Chalus started at Pitt in the Office of International Services in 1989. She transferred to the English department, where she worked for 11 years, and then to the communication department in 2001.

“I was very excited to win this award. It was something I thought was beyond my reach,” Chalus told the University Times. “But this is really a team thing. Working with Dr. [Gordon] Mitchell and all the wonderful people here makes it so easy. I have a super job. And I just love the kids — I should: I have eight kids of my own.”

Johnstown’s Leibfreid was re-elected recently as president of the UPJ Staff Activities and Concerns (SAC) Association, which organizes and sponsors numerous campus activities. Within the last year, under Leibfreid’s leadership, the SAC association sent “care packages” to UPJ students deployed in the military and collected money and needed items for victims of Hurricane Katrina.

UPJ President Albert Etheridge, one of Leibfreid’s nominators, noted that “Andrea possess a team spirit that enables her to inspire others to become involved in projects supporting not only the SAC association but the campus overall.”

Leibfreid has led the effort to implement a recognition program for new staff, and she coordinates UPJ employee involvement in community service activities including the American Heart Association’s Heart Walk and the Johnstown FolkFest. She also serves as a staff representative to the UPJ advisory board and the Johnstown planning and budget committee, Etheridge said.

“I was very honored and flattered to be recognized by the people I work with,” said Leibfreid, who also organizes morale-boosting events such as a monthly staff night out at local restaurants.

Leibfreid started at UPJ in 1980, “when I was 4 years old,” she joked.

Bill McGahey was cited by nominators for extraordinary dedication to his job, department and the engineering school.
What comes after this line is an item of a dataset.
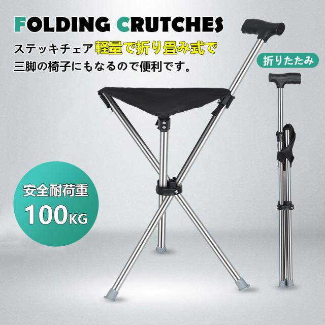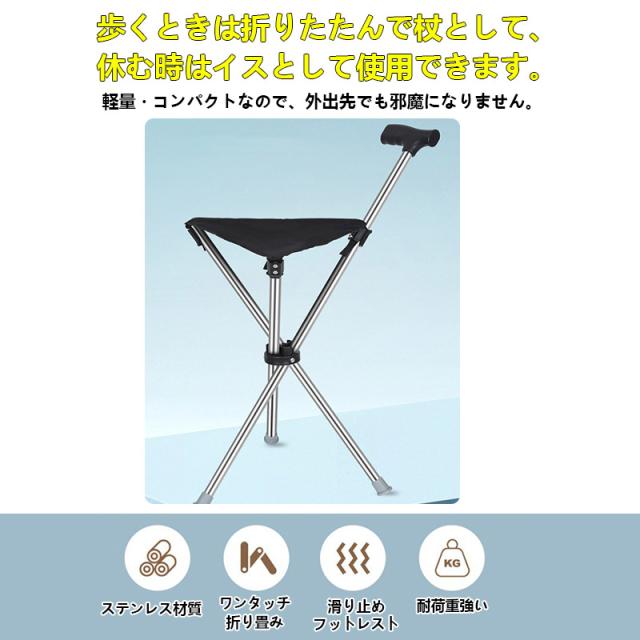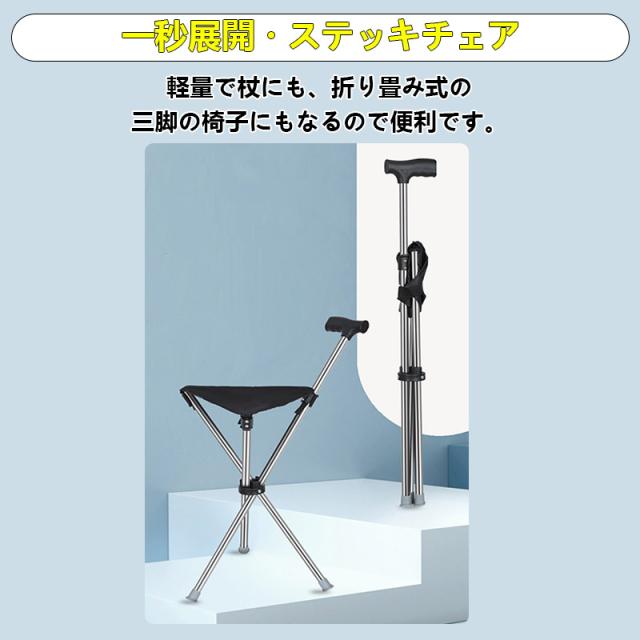 ステッキチェア 軽量 杖 ステッキ 折りたたみ イス 一本杖 三脚 自立式 ステッキ椅子 座れるステッキ 歩行補助杖 祖父母 敬老の日 プレゼント

Nominators referenced his 12-hour work days, 24/7 on-call availability and willingness to make “house calls” to faculty homes to troubleshoot, maintain and upgrade personal computing equipment.

As one nominator put it, “This dedication to the school and his work ethic have saved the school additional funds by not having to hire outside support or additional personnel to provide the extra support and training he has given.”

McGahey started at Pitt in 1978 as an electronics technician in the pre-computer era. “I was hired to fix and maintain electronic equipment,” McGahey said. “Once computers and networking came in, I self-trained in those areas to be able to do the same thing. I just think of that as part of the job. I was shocked and flattered to win this award.”

Facilities Management’s Rodden, who started at Pitt in 1975, was nominated and praised by his co-workers for the high quality of his work, his concern for on-the-job safety and his ability to devise and implement cost-saving solutions to work issues.

Such solutions have included devising an energy patch to restore power to the Chevron Science Center following a water-main break; upgrading to high-efficiency fixtures and automated lighting controls to reduce the University’s energy consumption, and implementing a web-based scheduling system to share information prior to weekly trades foremen meetings.

Rodden’s peers also cited his willingness to share knowledge and expertise enthusiastically. Co-workers noted that Rodden cared about them personally and gave them a sense of security when he was involved with a project.

“I was humbled when I learned I won this award,” said Rodden, an electrician foreman who supervises 17 staff. “I knew I was nominated and I was honored to get that far, but I never thought I would actually win. You never know what people think of you.

“I was impressed by the number of people who submitted things for my nomination.”